● WHAT TO DO
Quote the listing below in full and exactly as written, but omit every picture.

● DATA
# # # # #

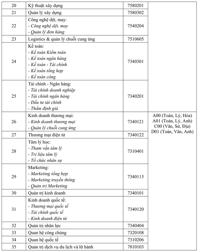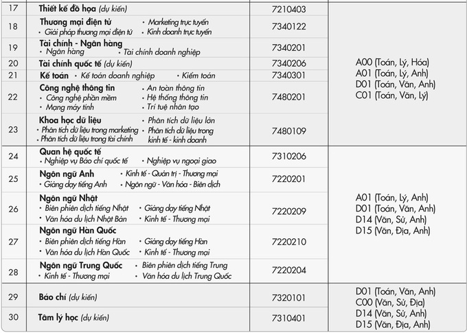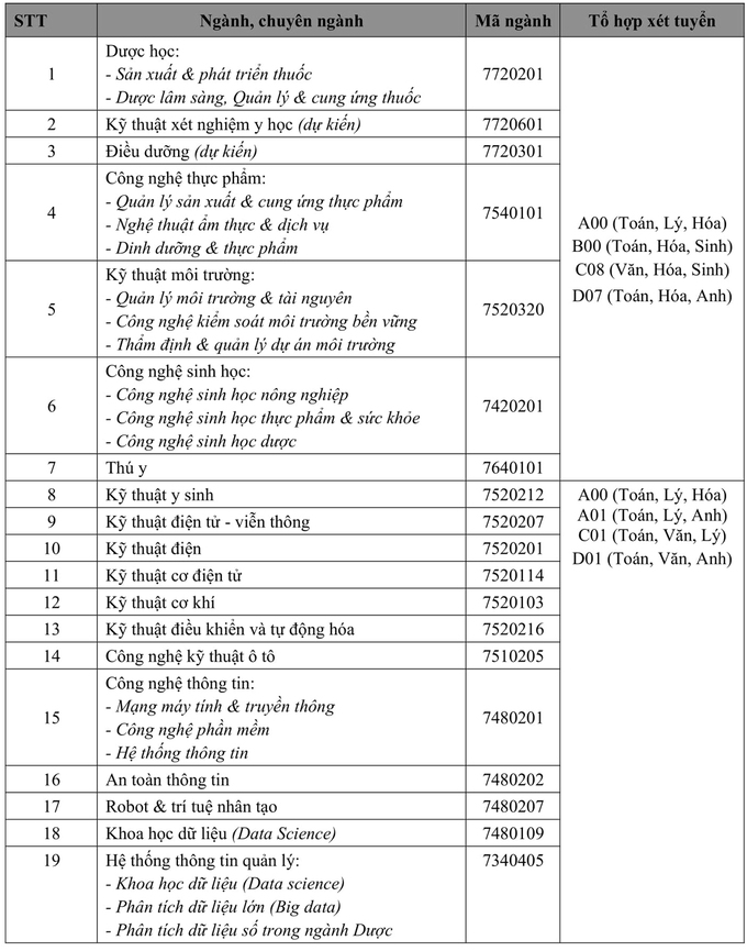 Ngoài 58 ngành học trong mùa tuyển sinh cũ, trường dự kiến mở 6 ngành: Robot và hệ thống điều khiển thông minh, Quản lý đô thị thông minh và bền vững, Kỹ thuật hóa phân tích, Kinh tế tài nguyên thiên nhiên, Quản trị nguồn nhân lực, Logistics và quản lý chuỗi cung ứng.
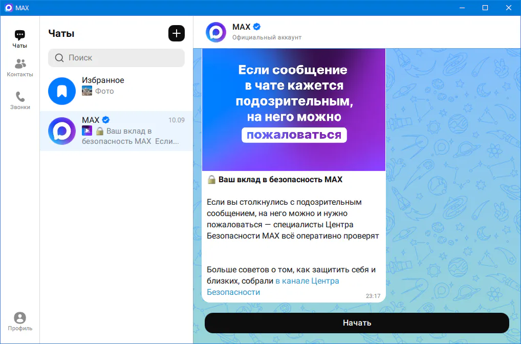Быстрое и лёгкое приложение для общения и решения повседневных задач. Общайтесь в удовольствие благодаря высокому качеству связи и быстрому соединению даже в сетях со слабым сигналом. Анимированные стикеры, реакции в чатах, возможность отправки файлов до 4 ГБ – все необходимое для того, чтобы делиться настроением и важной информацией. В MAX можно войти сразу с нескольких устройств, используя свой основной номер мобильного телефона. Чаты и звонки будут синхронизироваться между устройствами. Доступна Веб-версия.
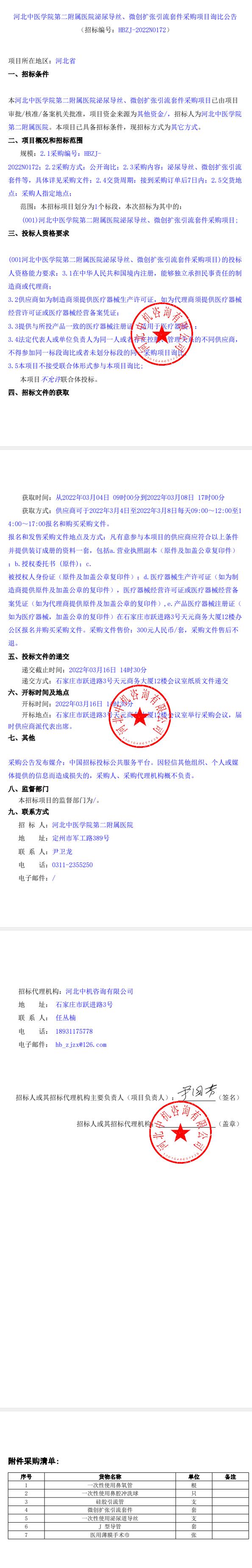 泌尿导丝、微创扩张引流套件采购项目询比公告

# # # # #

● ANSWER BELOW
 Ngoài 58 ngành học trong mùa tuyển sinh cũ, trường dự kiến mở 6 ngành: Robot và hệ thống điều khiển thông minh, Quản lý đô thị thông minh và bền vững, Kỹ thuật hóa phân tích, Kinh tế tài nguyên thiên nhiên, Quản trị nguồn nhân lực, Logistics và quản lý chuỗi cung ứng.
Быстрое и лёгкое приложение для общения и решения повседневных задач. Общайтесь в удовольствие благодаря высокому качеству связи и быстрому соединению даже в сетях со слабым сигналом. Анимированные стикеры, реакции в чатах, возможность отправки файлов до 4 ГБ – все необходимое для того, чтобы делиться настроением и важной информацией. В MAX можно войти сразу с нескольких устройств, используя свой основной номер мобильного телефона. Чаты и звонки будут синхронизироваться между устройствами. Доступна Веб-версия.
 泌尿导丝、微创扩张引流套件采购项目询比公告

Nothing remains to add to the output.